Required action -> Could you write out, exactly, every line from the top of the data through the line holding "White meat Chicken"? Omit the pictures.

================================

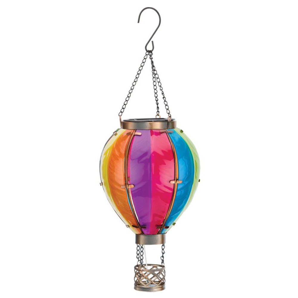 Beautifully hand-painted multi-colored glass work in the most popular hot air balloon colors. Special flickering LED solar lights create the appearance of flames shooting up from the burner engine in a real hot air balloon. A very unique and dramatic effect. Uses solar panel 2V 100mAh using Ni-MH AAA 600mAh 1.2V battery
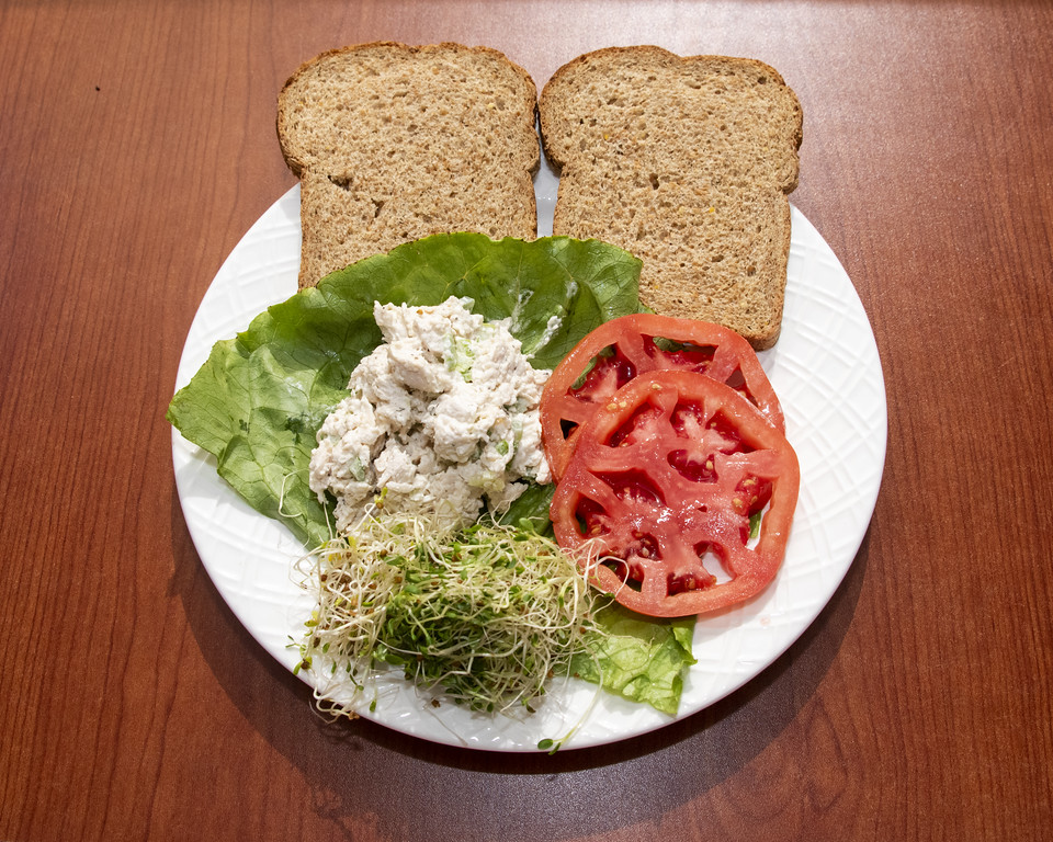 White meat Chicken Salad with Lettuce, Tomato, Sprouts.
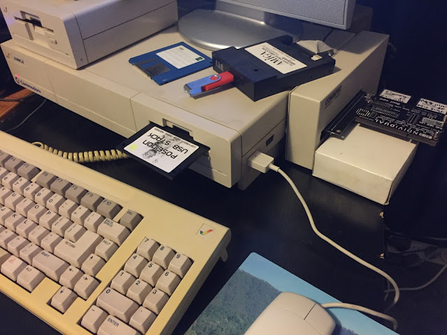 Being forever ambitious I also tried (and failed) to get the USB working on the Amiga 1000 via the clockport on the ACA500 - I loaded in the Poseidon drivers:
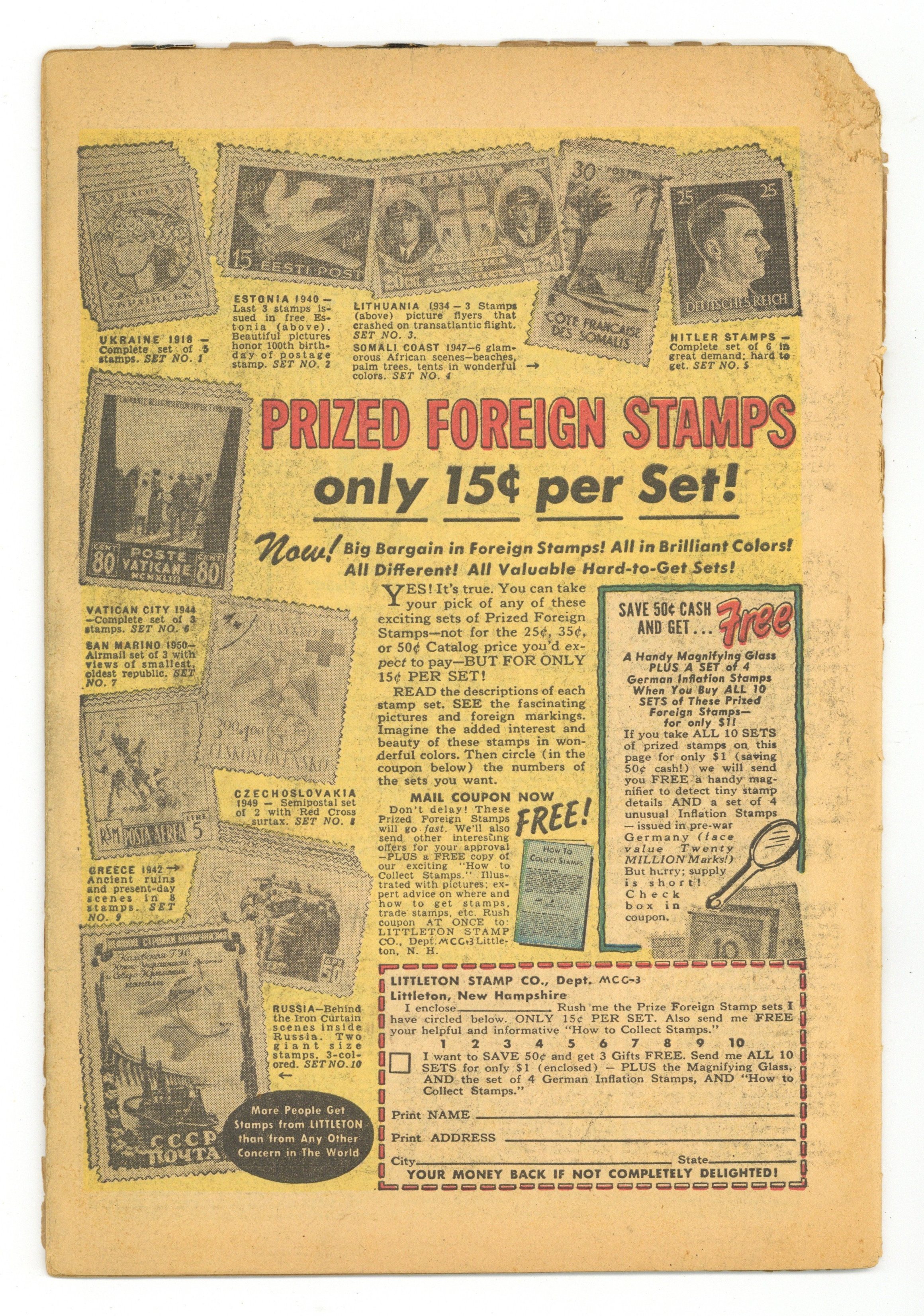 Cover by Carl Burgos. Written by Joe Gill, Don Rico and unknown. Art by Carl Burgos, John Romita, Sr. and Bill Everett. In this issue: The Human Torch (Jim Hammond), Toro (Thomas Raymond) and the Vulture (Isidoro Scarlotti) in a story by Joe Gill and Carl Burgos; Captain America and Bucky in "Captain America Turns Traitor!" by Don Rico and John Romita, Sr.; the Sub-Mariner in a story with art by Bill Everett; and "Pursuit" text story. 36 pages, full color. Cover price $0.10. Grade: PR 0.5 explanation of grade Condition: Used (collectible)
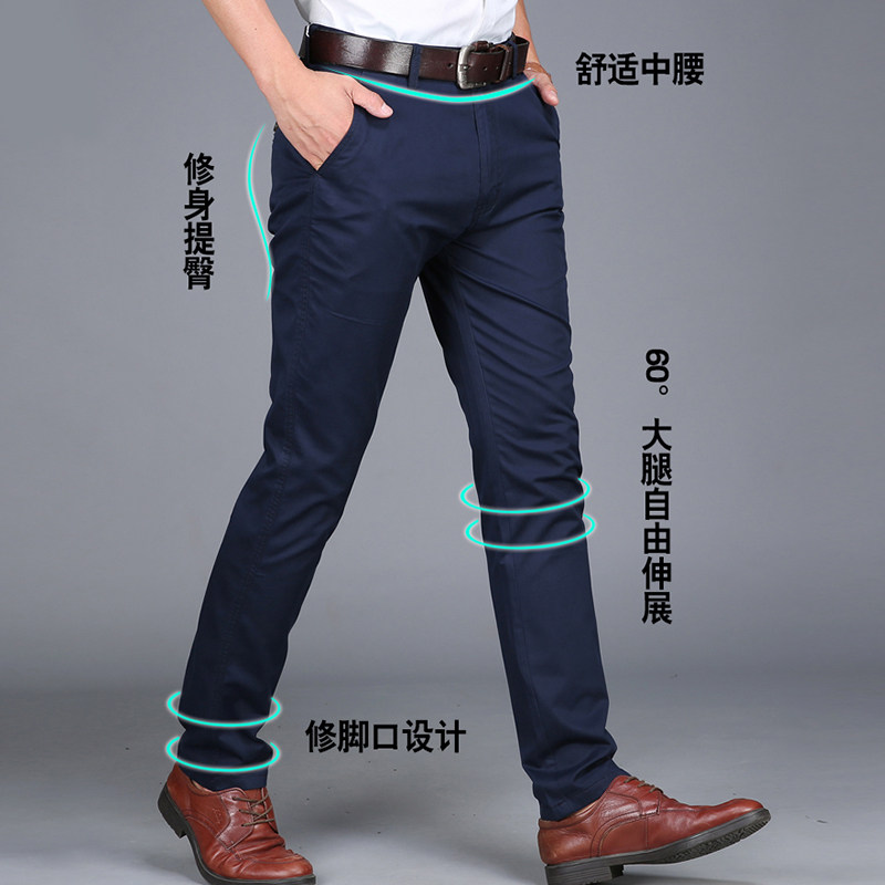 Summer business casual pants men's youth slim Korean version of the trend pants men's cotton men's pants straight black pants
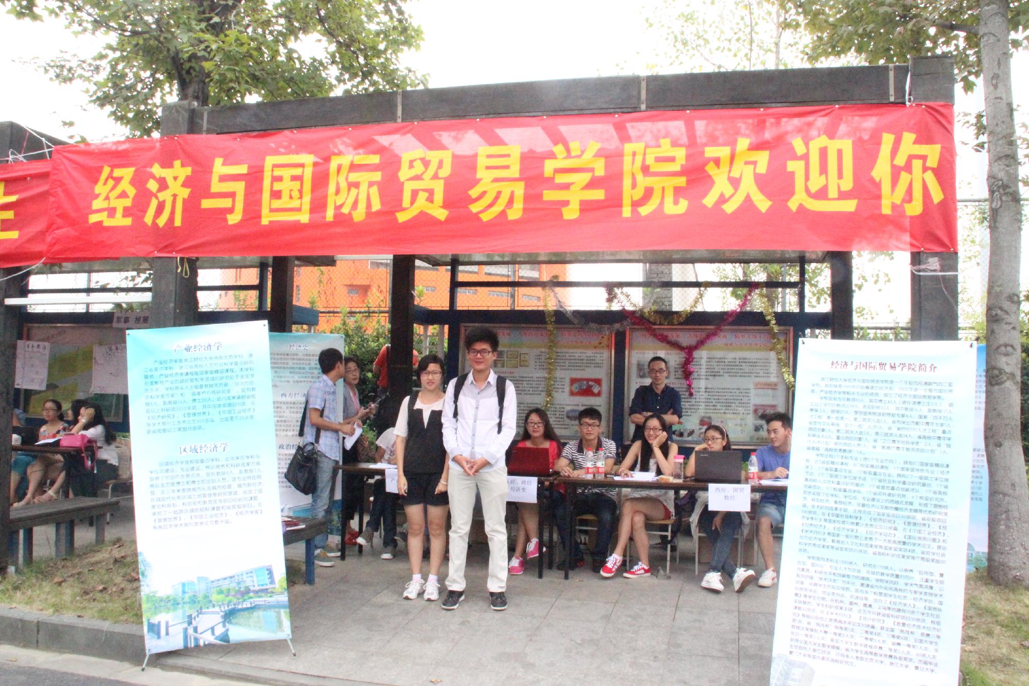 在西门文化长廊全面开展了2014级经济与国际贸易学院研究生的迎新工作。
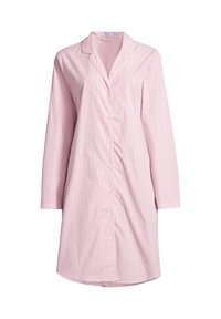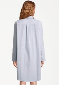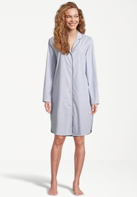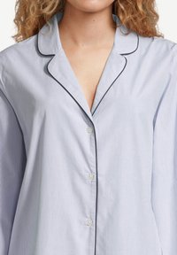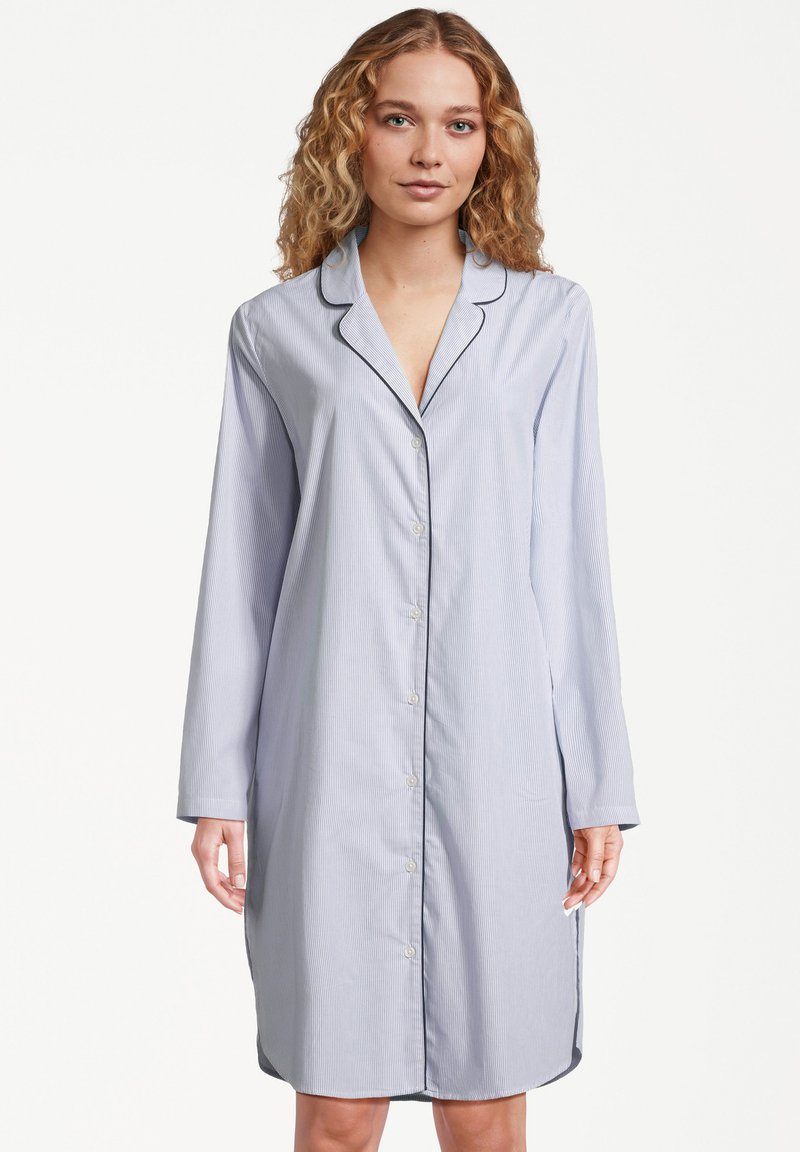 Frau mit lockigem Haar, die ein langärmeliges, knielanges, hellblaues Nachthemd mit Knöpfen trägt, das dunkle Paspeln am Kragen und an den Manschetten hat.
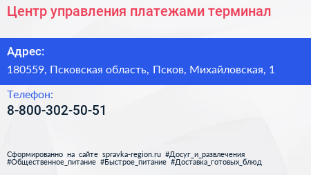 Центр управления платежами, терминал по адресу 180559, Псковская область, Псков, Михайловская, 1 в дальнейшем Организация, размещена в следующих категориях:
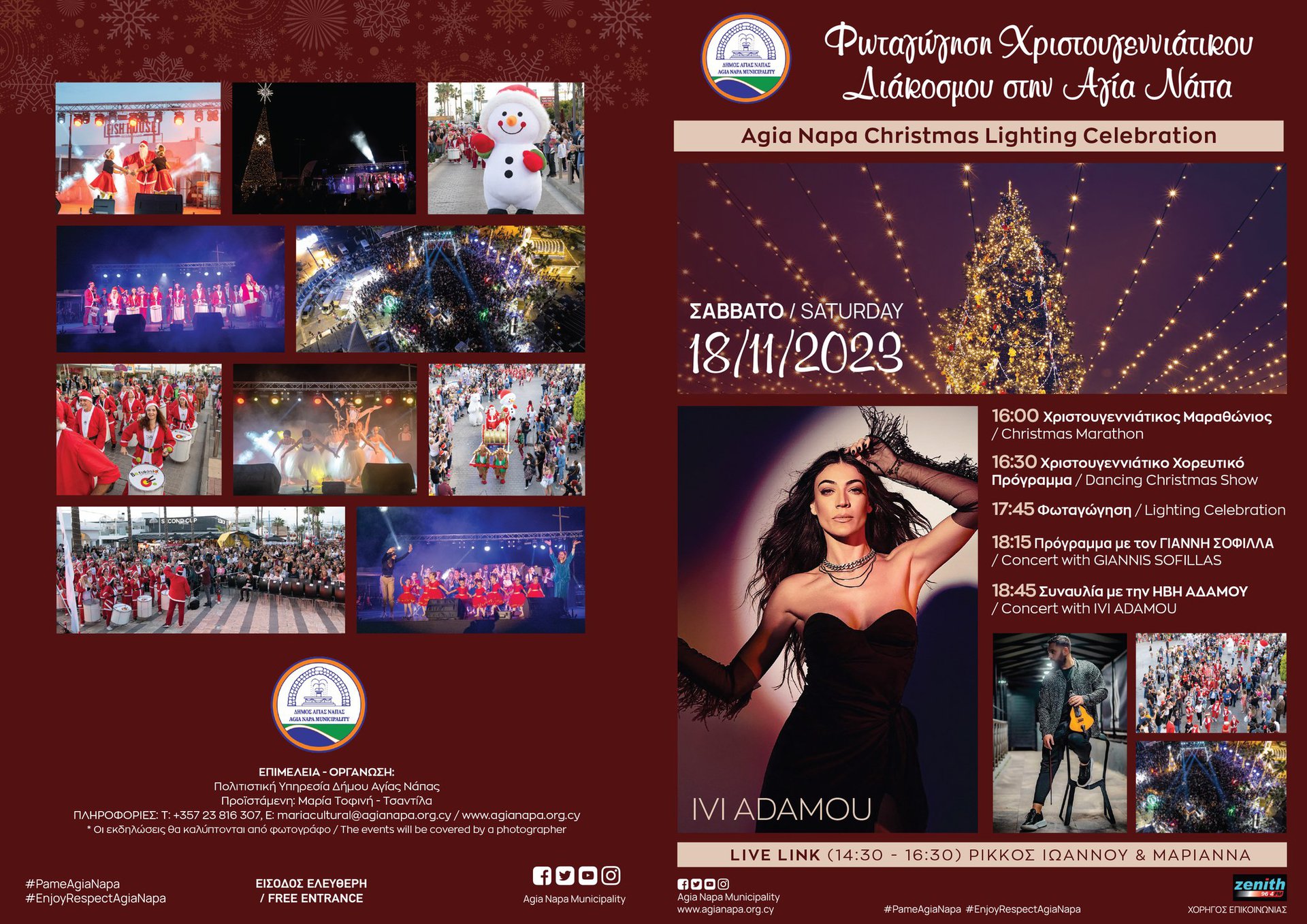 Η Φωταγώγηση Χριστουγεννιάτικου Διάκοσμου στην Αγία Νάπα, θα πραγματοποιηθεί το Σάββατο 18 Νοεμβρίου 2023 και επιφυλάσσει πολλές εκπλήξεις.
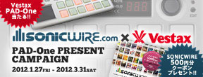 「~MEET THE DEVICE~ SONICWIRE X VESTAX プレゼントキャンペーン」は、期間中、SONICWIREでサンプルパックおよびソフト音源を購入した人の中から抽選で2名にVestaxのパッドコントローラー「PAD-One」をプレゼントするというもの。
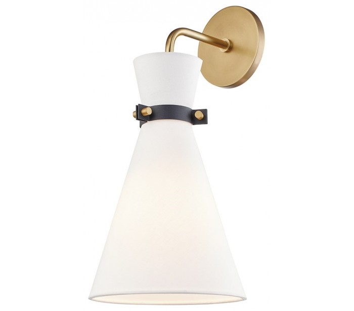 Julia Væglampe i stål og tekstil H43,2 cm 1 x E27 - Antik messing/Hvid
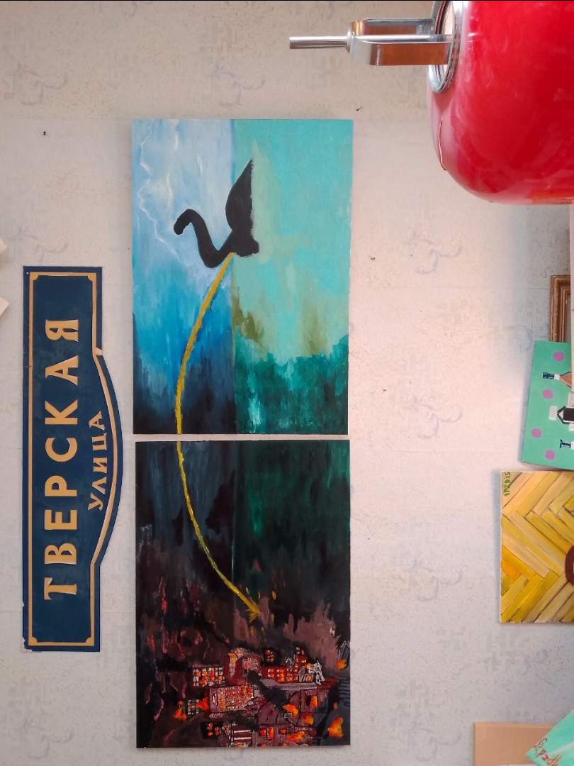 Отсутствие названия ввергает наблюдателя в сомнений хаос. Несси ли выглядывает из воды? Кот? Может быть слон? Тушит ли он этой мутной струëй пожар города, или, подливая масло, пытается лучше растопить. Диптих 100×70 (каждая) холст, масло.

================================

Answer section ->
 Beautifully hand-painted multi-colored glass work in the most popular hot air balloon colors. Special flickering LED solar lights create the appearance of flames shooting up from the burner engine in a real hot air balloon. A very unique and dramatic effect. Uses solar panel 2V 100mAh using Ni-MH AAA 600mAh 1.2V battery
 White meat Chicken Salad with Lettuce, Tomato, Sprouts.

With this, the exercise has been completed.